Four-week-old male WIStar-ST rats (Japan SLC) were housed individually in stainless cages and allowed to freely feed and feed (ion exchange water). Body weight and food intake were measured every morning at the same time. The state of the animal individual was judged using hair loss and / or diarrhea as an index. The test feed was changed every day and the drinking water was changed every 3 days. The breeding room was set to room temperature 23 ± 1 ° C, temperature around 60%, and light / dark period to 12 hours (light period 8:00 to 20:00, dark period 20:00 to 8:00). After raising with AIN 93G standard refined feed (basic diet) for 5 days, They were bred for 15 days on the test feeds shown in Table 8 (epi-lactose added diet, lactose-added diet) or control diet.

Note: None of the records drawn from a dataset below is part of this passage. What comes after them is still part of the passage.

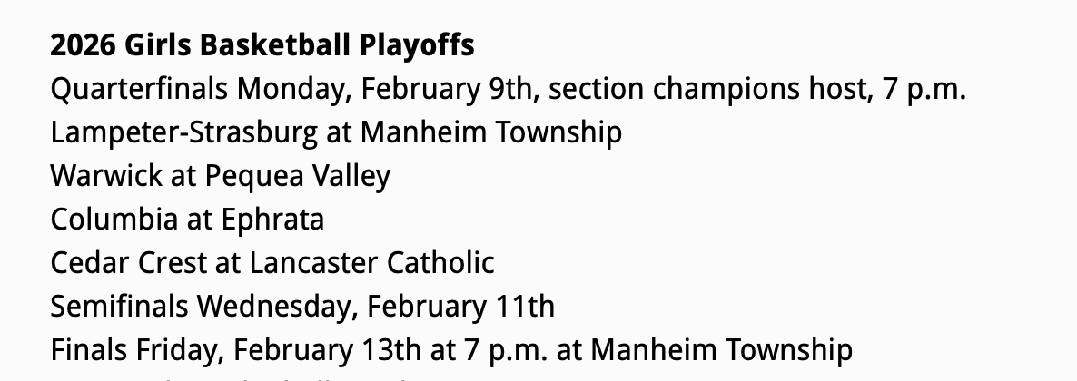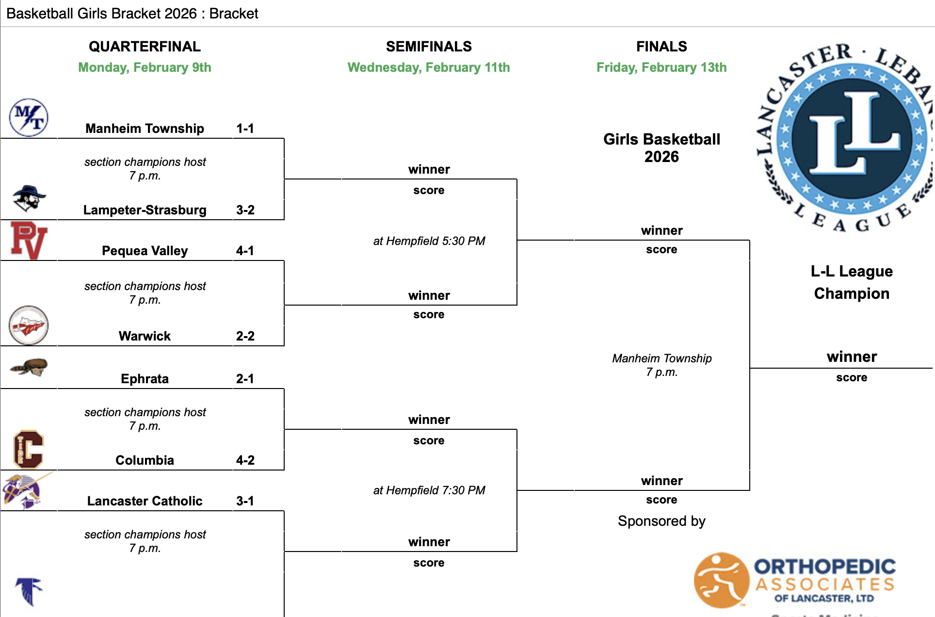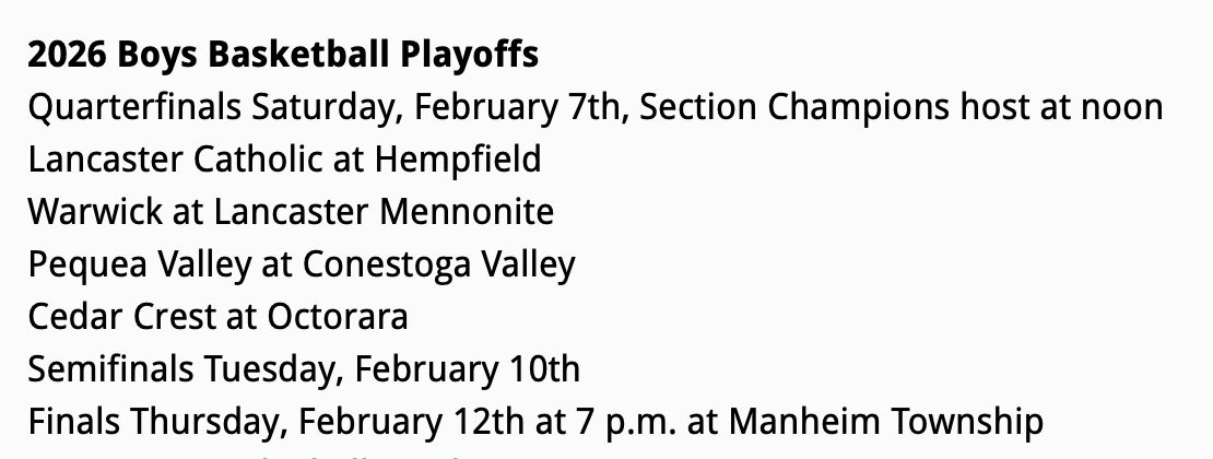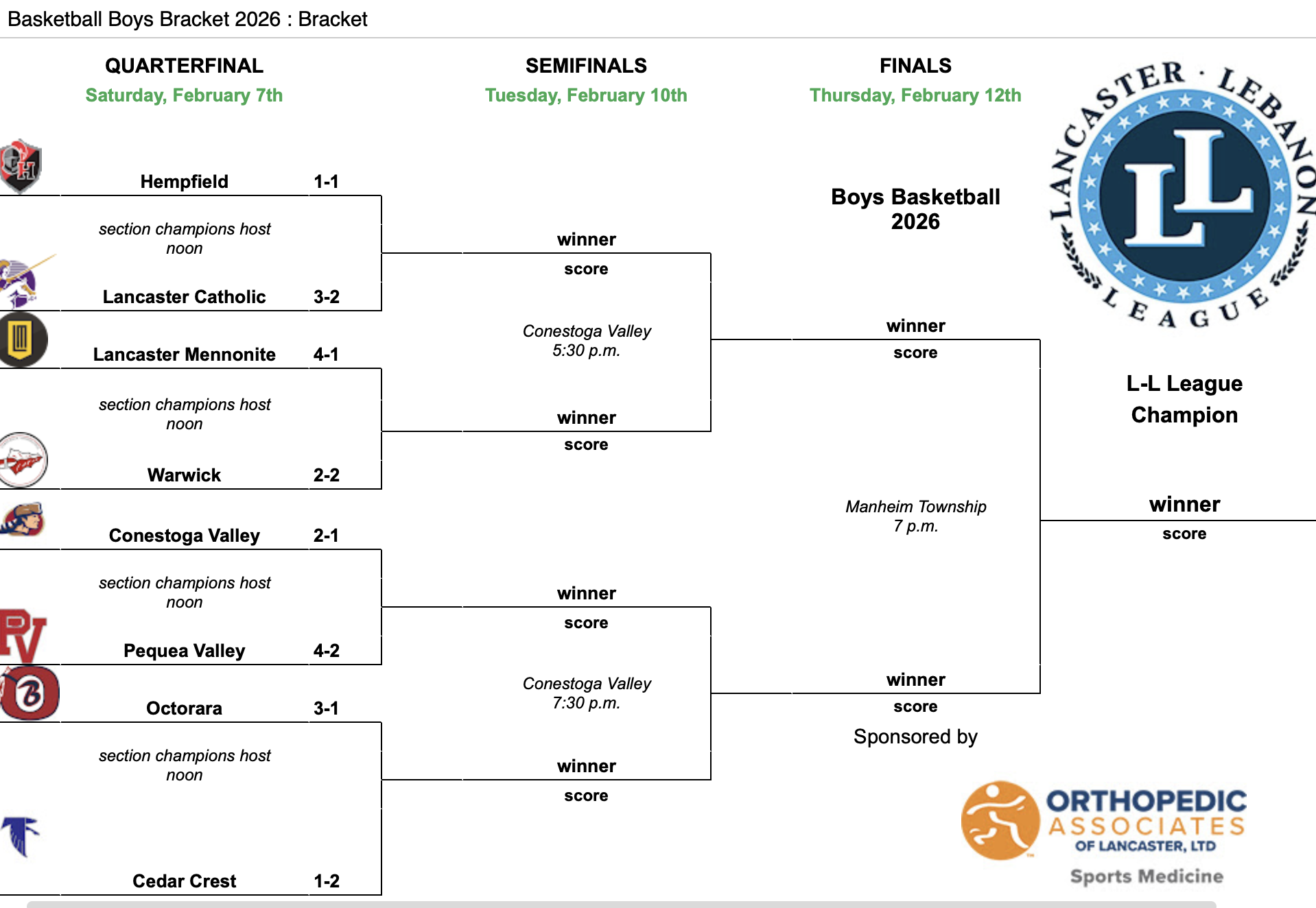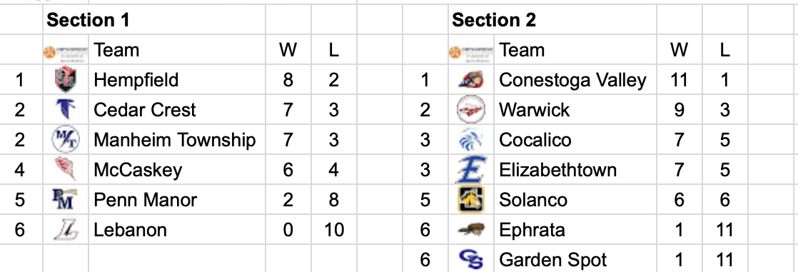 Below are the brackets and the final Lancaster Lebanon Standings for the 2026-’26 season.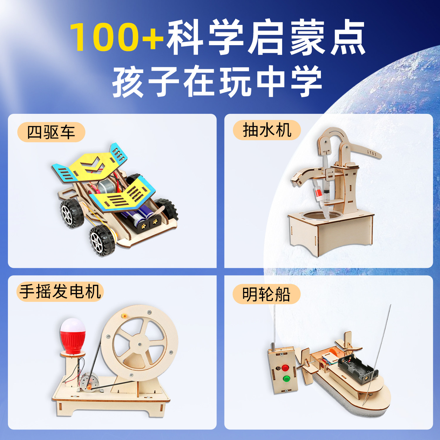 2026年新款木质教具科学实验套装儿童益智玩具木制手工制作DIY启蒙教具幼儿园小学生创意拼装小发明材料包
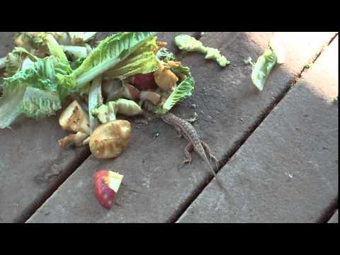 This Side-blotched lizard has seen the flies visit Kobae's food when he's done and though it didn't work this time, it will.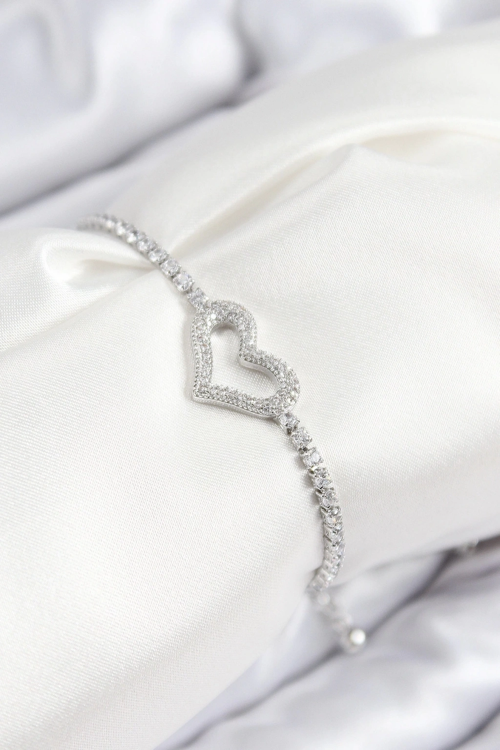 ÇOK SATAN Pirinç Zirkon Taşlı Kalp Model Gümüş Renk Asansörlü Kadın Bileklik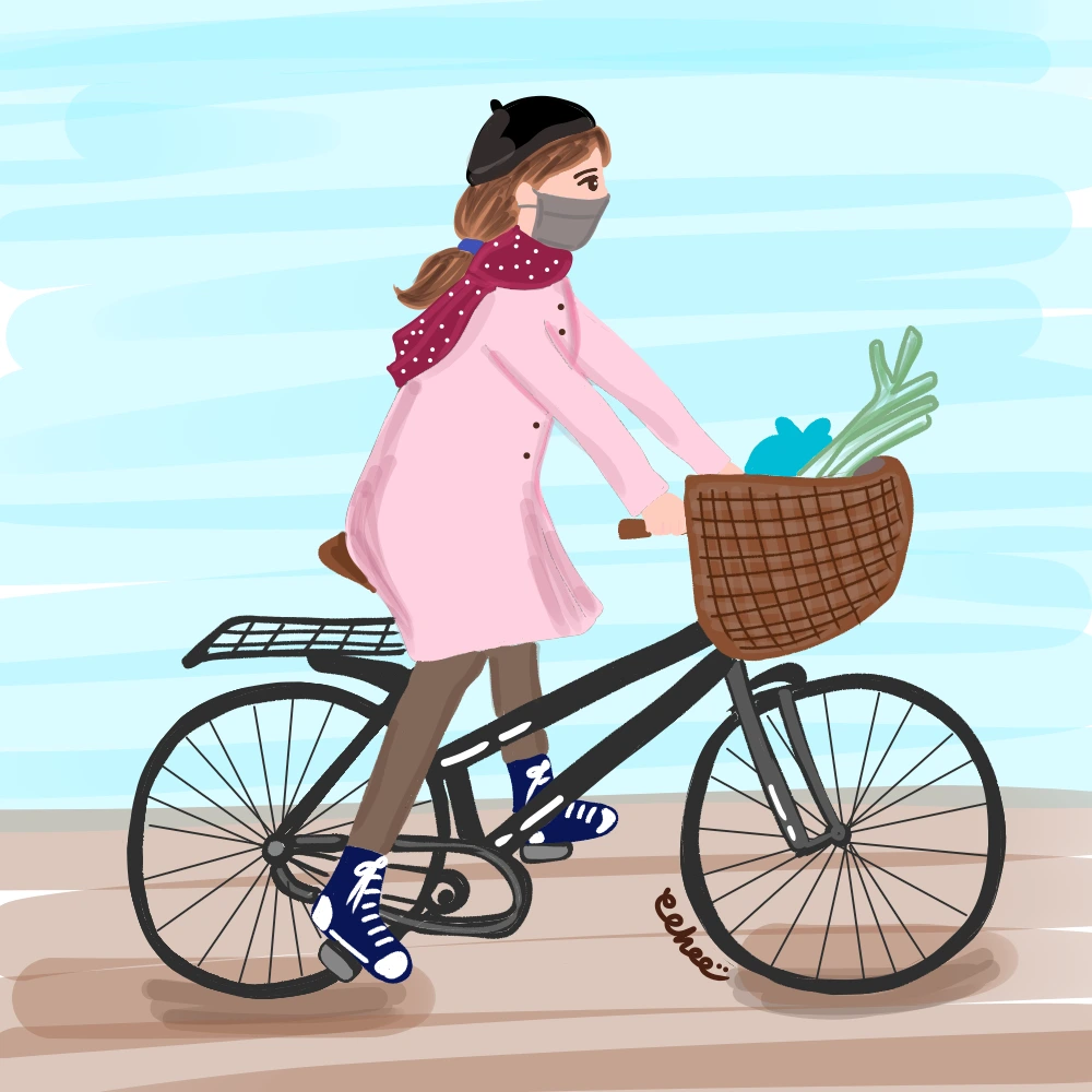 그날도 어김없이 커튼을 열고 '창문 하기'를 하고 있었다. 하늘은 맑고 구름은 누군가가 선을 그은 것처럼 하얗고 긴 날이었다. 자동차들이 드문드문 지나다니고, 사람들도 천천히 걸어 다니는 평온한 일상이 창 밖에서 가만가만 흐르고 있었다. 자전거도 종종 지나다녔다. 자전거 바구니에 푸른색 화초를 싣고 지나가는 사람이 보였다. 새로운 화초를 사서 집에 가는구나, 잘 키우시길, 생각하다 자세히 보니 푸른 것은 화초가 아니었다.

[0224] Blood was collected from the tail vein at 7 o'clock, 7 days later, 14 days later at 9 o'clock (at the time of feeding) and 20:00 (at the time of fasting), and centrifuged at 4 ° C, 3000 rpm for 10 minutes. Plasma, neutral lipid, total cholesterol, HD L cholesterol, choline-type phospholipid, TG-EN Kainos (Kainos Co., Ltd.), cholesterol E-test ヮ koichi (Wako Pure Chemical Industries), HD L, Cholesterol Test Measured using KOKOI (Wako Pure Chemical Industries, PL-EN Kainos Co., Ltd., Kainos Co., Ltd.) (Figure 1 1) LDL + VLDL cholesterol is more HDL cholesterol than total cholesterol In addition, after 15 days of breeding, the rats were dissected and abdominal aortic blood was collected and centrifuged at 4 ° C, 3000 rpm for 10 minutes, and plasma was similarly obtained. Medium neutral lipid, total cholesterol, HD L cholesterol (Figure 1 2) In addition, for statistical analysis, one-way ANOVA was performed, and when the P-value power was below 0.05, the Duncans Multiple Range Test was performed. ¾r was used to determine the significant difference between the mean values.

 [0225] As a result, changes in the concentrations of neutral finger and phospholipids were not confirmed, but total cholesterol and LD L + V LD L cholesterol levels were lower in the epilac I supplemented food group than in the control group It was confirmed that

 [0226] [Example 11: Change in blood glucose level during epilactose consumption]

 After 7-week-old female d d Y mice (Japan SLC, 6 mice per group) were fasted, Lax I or Epilac! (0.1 mmo I / animal) were orally administered, blood was collected from the tail vein at 0, 30, 60, 120 minutes after administration, and the blood glucose level was measured using a glucose CI test. The results are shown in Figure 13.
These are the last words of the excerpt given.